Hundreds of Norwegian Jews were smuggled to Sweden. Hundreds more were sent to Auschwitz. This brief history lesson is useful for appreciating Number 24, a masterful account of life and death in the wartime Norwegian resistance and its ongoing legacy.

The film, showing on Netflix, is based on a true story — the life of Gunnar Sønsteby, a resistance leader. It opens with an elderly Sønsteby giving a speech about his wartime life to a group of young students, one of whom persistently questions him. The story moves back and forth between his presentation and wartime Norway. 

Director John Andreas Andersen deftly controls both narrative strands. The atmospheric wartime sections feel deeply authentic. Sjur Vatne Brean delivers a sterling performance as the young Sønsteby. He steadily moves up the ranks of the resistance until he becomes one of their most important agents — even travelling back and forth to Britain on the clandestine boats that operated between Norway and the Shetland Islands. 
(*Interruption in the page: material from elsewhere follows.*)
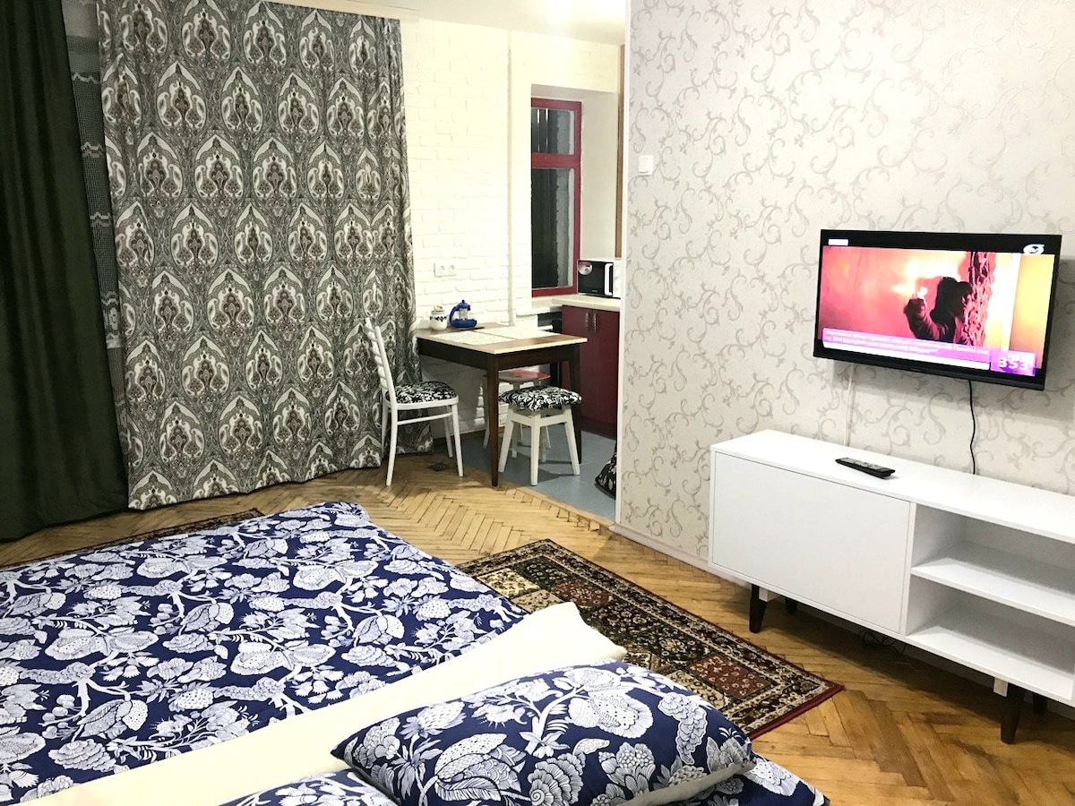 The apartment is located in the historical building of the city center. Its perfect for travelers who want to be in the middle of the city's events and who likes sightseeing. Guests who are going on the business trip will be comfortable there too. Lots of pubs, restaurants and different type of shops are nearby. There is everything you need for a comfort stay in the apartment .
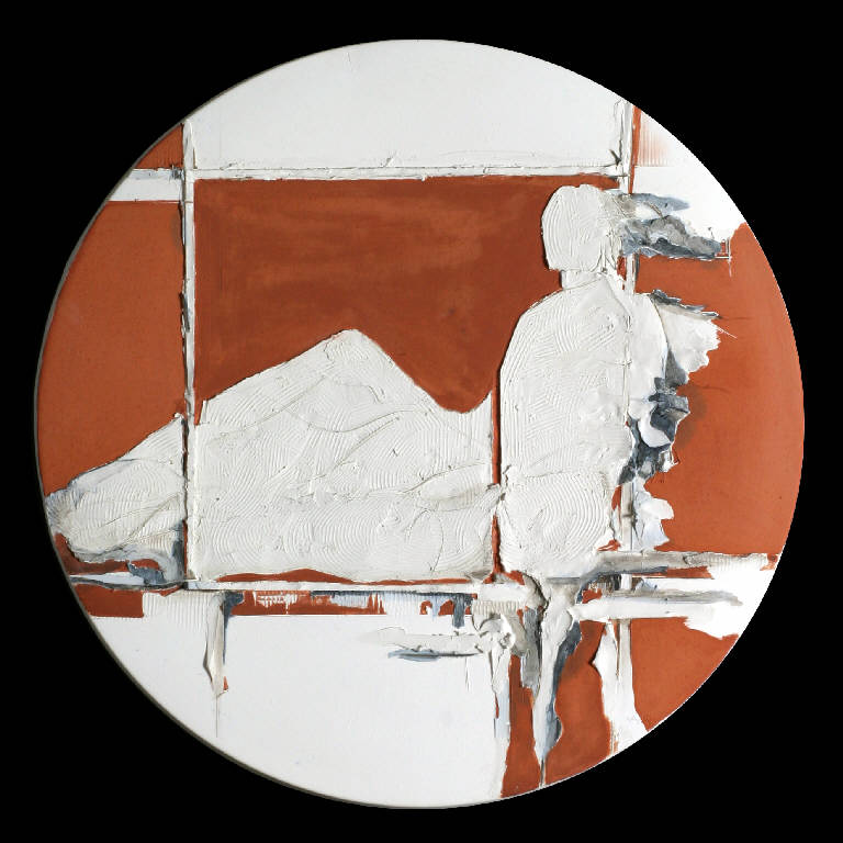 Opera di formato circolare in ceramica di colore bianco e marrone rappresentante una figura femminile seduta di profilo.

Sønsteby is a young man, but, unlike some of his comrades, he avoids drinking and women. He trusts almost no one, which helps keep him alive. With the Nazis on his tail, he moves between safe-houses, switching names and identification papers. The menace of everyday life under Nazi occupation and resistance tradecraft is dramatically portrayed. The action and sabotage scenes are nail-biting. 

But it is the human cost of taking a life — especially of friends turned Nazi collaborators — that lingers through the decades. Eventually it becomes clear why the narrative moves between wartime Oslo, Sønsteby’s lecture and the young questioner. The final scenes will moisten your eyes.